So much of our musical landscape has changed. Rarely do I invite someone over to listen to an album over coffee, rarely do I make a mix CD for a friend, and what used to be an exciting outing to an independent music store has increasingly become a distant memory, as these autonomous ventures continue to fold
In 1999, on the eve of PopMatters’ inception, I was an angst-ridden teenager, who had a tendency for ditching classes only to sit in the toilet reading back issues of Rolling Stone. By the end of the decade, my love for grunge music had sent me searching through expanses that spanned Punk & New Wave to classic rock, gospel, and soul.
But despite my obsession with the retrospective milieu, I was always conscious that I was, of all things, a product of the ‘90s. As such, the world mythologized in the pages of music magazines about vinyl records, played on analogue players was something that I believed, belonged to my forefathers. Certainly, the rickety sound of a spindle scratching the surface of an old record was romantic, and the large artwork was appealing -- but nevertheless, I was a staunch believer in the compact disc (CD). With its plastic shell, artwork, and liner notes, the CD had all the positive bearings of an old gramophone disc, except they were portable. This isn’t too mention, the shimmering and ‘untouchable’, optical surface intrinsic to every CD -- for a music aficionado like myself there was something quixotic about this; it felt like music was sacred. It was something worth protecting.

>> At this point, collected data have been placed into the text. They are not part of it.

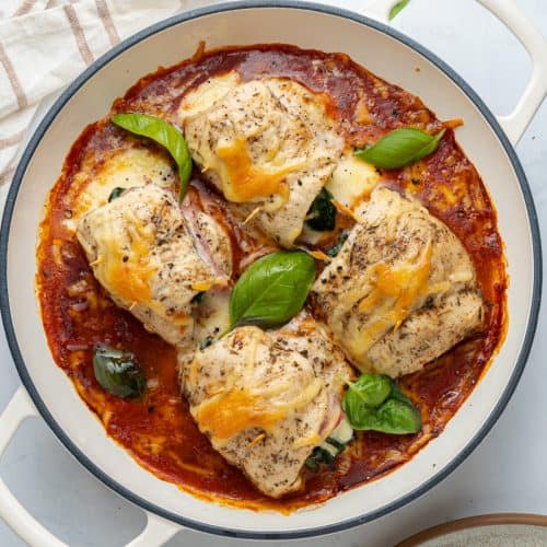 Make cozy chicken roll ups with ham, mozzarella, and spinach baked in marinara and finished with parmesan. Weeknight easy, melty, and crowd-pleasing.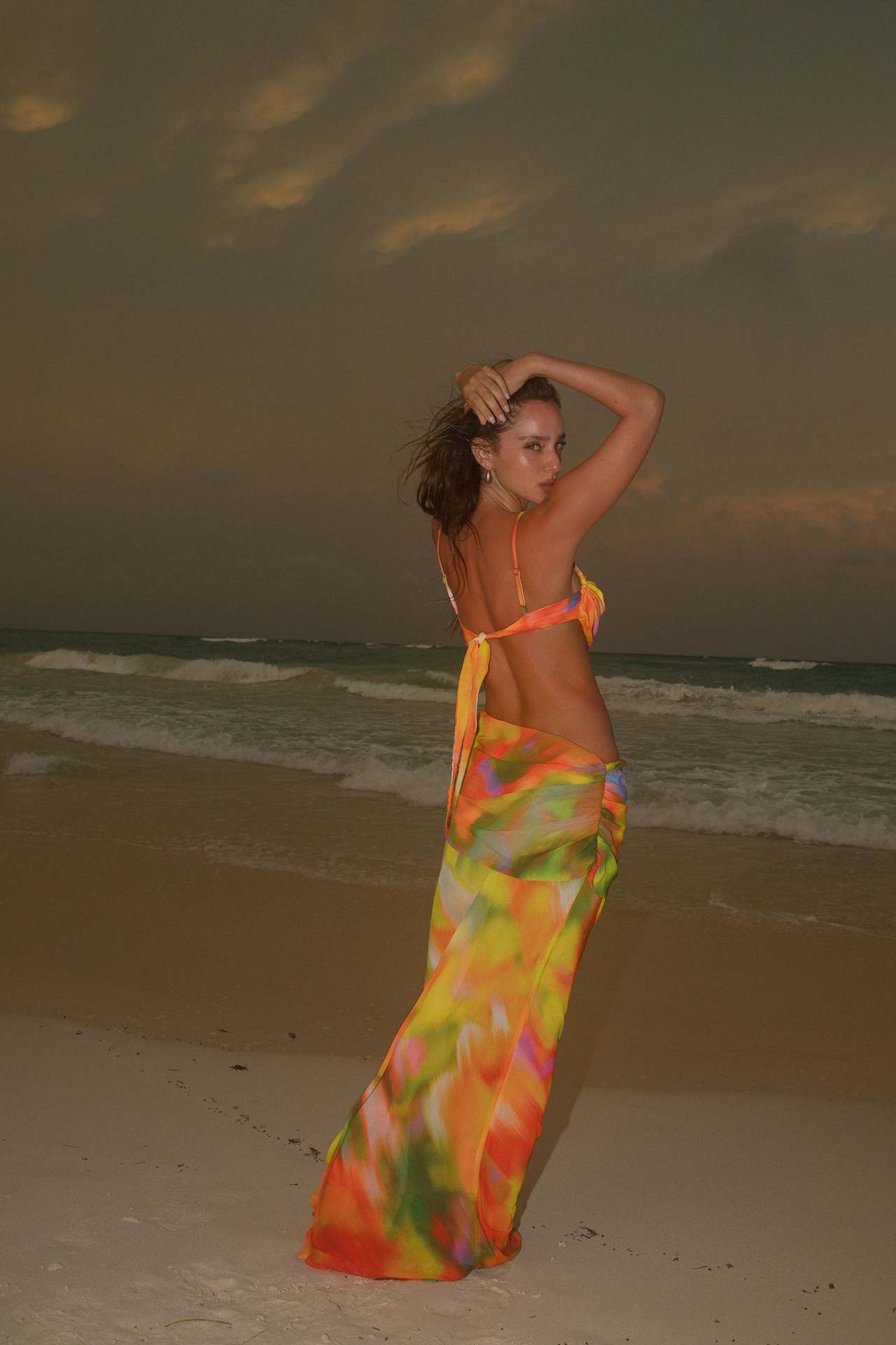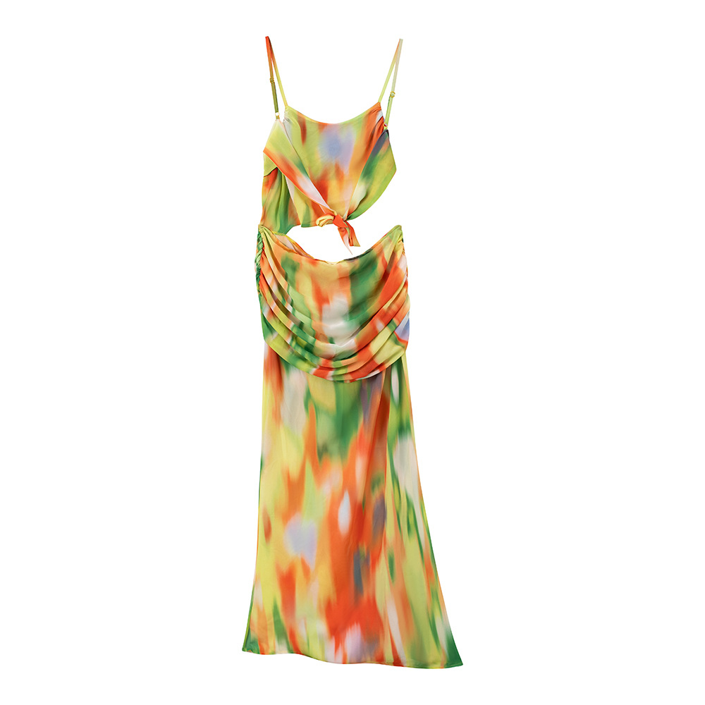 • Jewelry: Since the backless style is the main feature, choose minimal jewelry. A delicate anklet or a simple shell-accented necklace will add a beachy, natural touch without competing with the bold gradient print.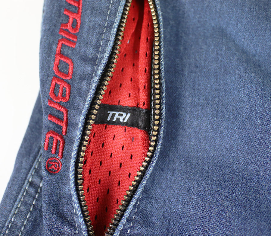 TRI-STRETCHER® PRO 5.0 Denim is a blend of nylon-based synthetic polymer fibers and aromatic polyamides (aramid) with a denim look. This fabric is unique with its amazing strength and at the same time low weight. TRI-STRETCHER® PRO 5.0 Denim is a clever "team" of different fibers woven together to protect you in the event of an accident with the same performance as a leather suit, but without sacrificing comfort. This is a modern fabric that is the future of motorcycle riding.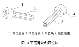 下壓滑塊和定位塊如圖10所示,主要作定位用途是通過定位工件來配合切削塊切削,因承受擠壓和沖擊,故要有一定的硬度和耐磨性,可選用 Cr12MoV 制造,淬火硬度 HRC58-62;下滑塊和限位塊用淬火后的 Cr12MoV 進行慢走絲加工,加工成齒輪條狀,與底座過盈配合,然后焊接牢固后磨平焊點。切削時,齒輪軸兩端分別穿入限位塊和下壓滑塊的內(nèi)孔,齒輪軸的尺寸為 Φ4.5,為了保證齒輪相對于齒輪軸的同心度, 內(nèi)孔尺寸比齒輪軸單邊大 0.05mm;為了便于安放齒輪和齒輪軸穿入下壓滑塊,限位塊和下滑塊的內(nèi)孔端口處做斜倒角0.1mm× 0.5mm。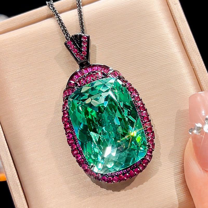 Jewelry Copper Bottom Gold-Plated Simulation Para Green Black Gold Personalized Pendant Necklace Main Stone 20 * 28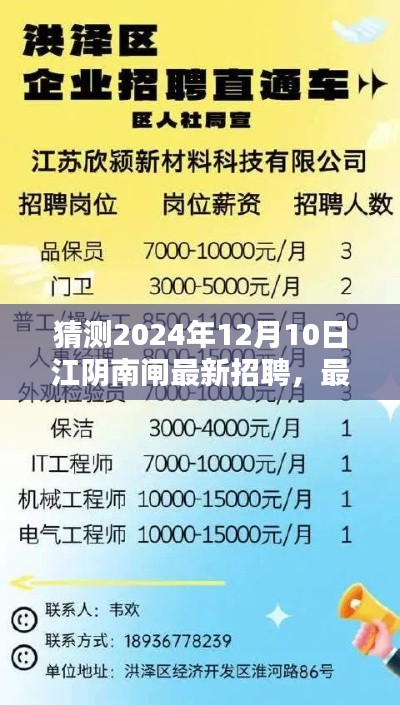随着时代的进步和经济的发展,越来越多的人开始关注就业市场的新动态,本文将针对即将来临的江阴南闸地区在2024年12月10日的最新招聘情况,为求职者提供一份详尽的求职攻略,无论您是初入职场的初学者,还是寻求新机会的进阶用户,本文都将引导您如何高效获取招聘信息,准备应聘材料,以及应对面试等各个环节。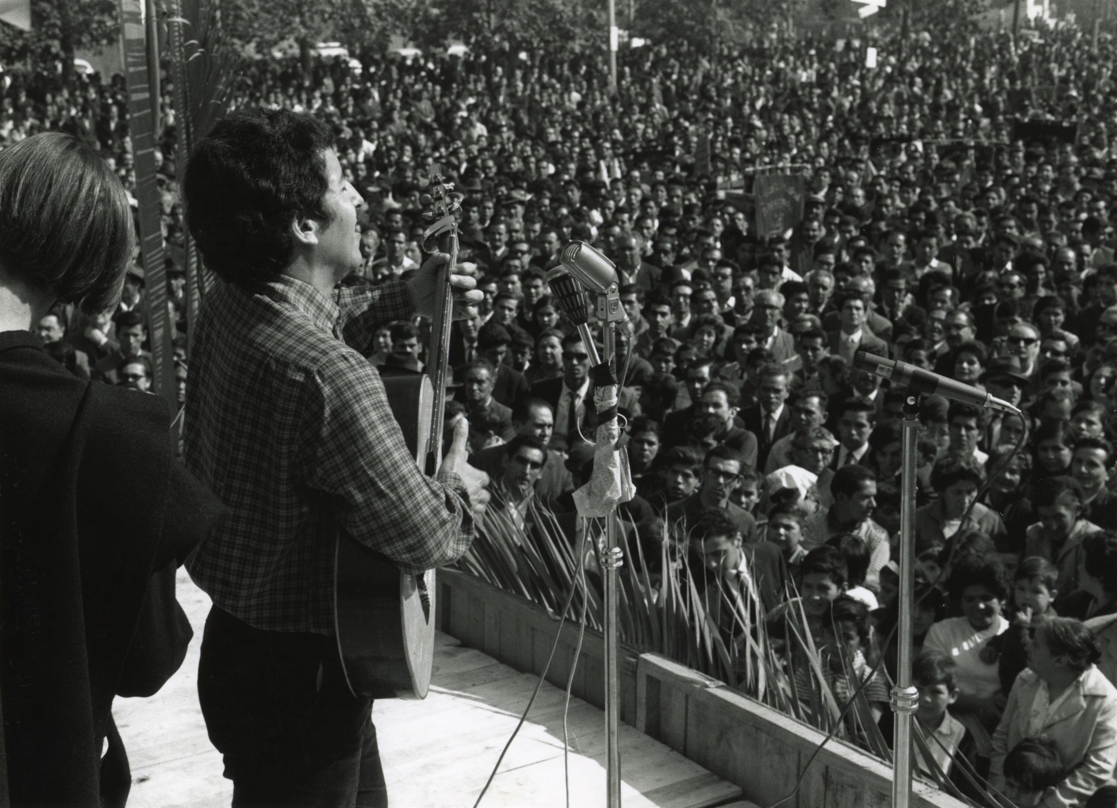Archivo - Víctor Jara junto a los Quilapayún cantando en conmemoración del 1° Mayo. Patricio Guzmán/Fundación Víctor Jara. AYUNTAMIENTO CARTAGENA - Archivo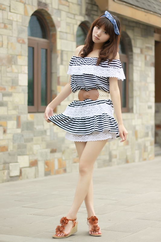 8、VIVI今年夏季秀出的一款连衣裙,条纹与蕾丝给人一种很唯美的感觉,作为一字领穿着更具女人味,秀出漂亮的肩线与锁骨,更为迷人。

Through the years, and wherever I was geographically there was this extent need within me to maintain my music collection. If an artist were to release a new album, whether I liked it or not, I had to own it. These were then piled up alphabetically as ‘room art’ -- symbolic markers of a collective identity. At the time, when my friends and I would visit each other, we could quickly decipher from each other’s CD collections which person would get along with whom best. It didn’t seem snooty or materialistic; it was just a practicality. Lifelong friendships were born out of mutual passion or devotion to an artist. I remember when I was approaching the end of high school, when I stumbled across the 1990 re-release of Fleetwood Mac’s Rumours amongst my friend’s things: we locked eyes and in a hyperrealist moment of epiphany, I realized then that we would be friends for the rest of our lives.
Retrospectively, I have broken my back trying to come to terms with the social shift that has made music collecting a matter of inconsequence. But when one starts to consider the most basic practicalities, a lot of answers seem self-evident. In the past, we (the fans) were left waiting on edge, hoping that our favorite music videos would be played on MTV, penciling in release dates into our jotters and racing physically to record stores to purchase them. Before CD ripping software became the norm, friends would lend each other CDs, with the expectation that if the friend liked it, they too would ‘go out’ and ‘buy it’. The sheer physicality of the experience denotes a commitment, one that is no longer present in the minds of trigger-happy, mouse-clicking teenagers today. As well, the sheer fact that CDs were relatively expensive (in comparison to cassette tapes), increasingly meant that a lot of sweat, blood, and tears (or for youngsters) patience, had to go into curating one’s personal library. Accordingly, attaining new albums was like acquiring a piece of art. One had to wait for the funding to be in place, before waiting for clearance, and finally, delivery.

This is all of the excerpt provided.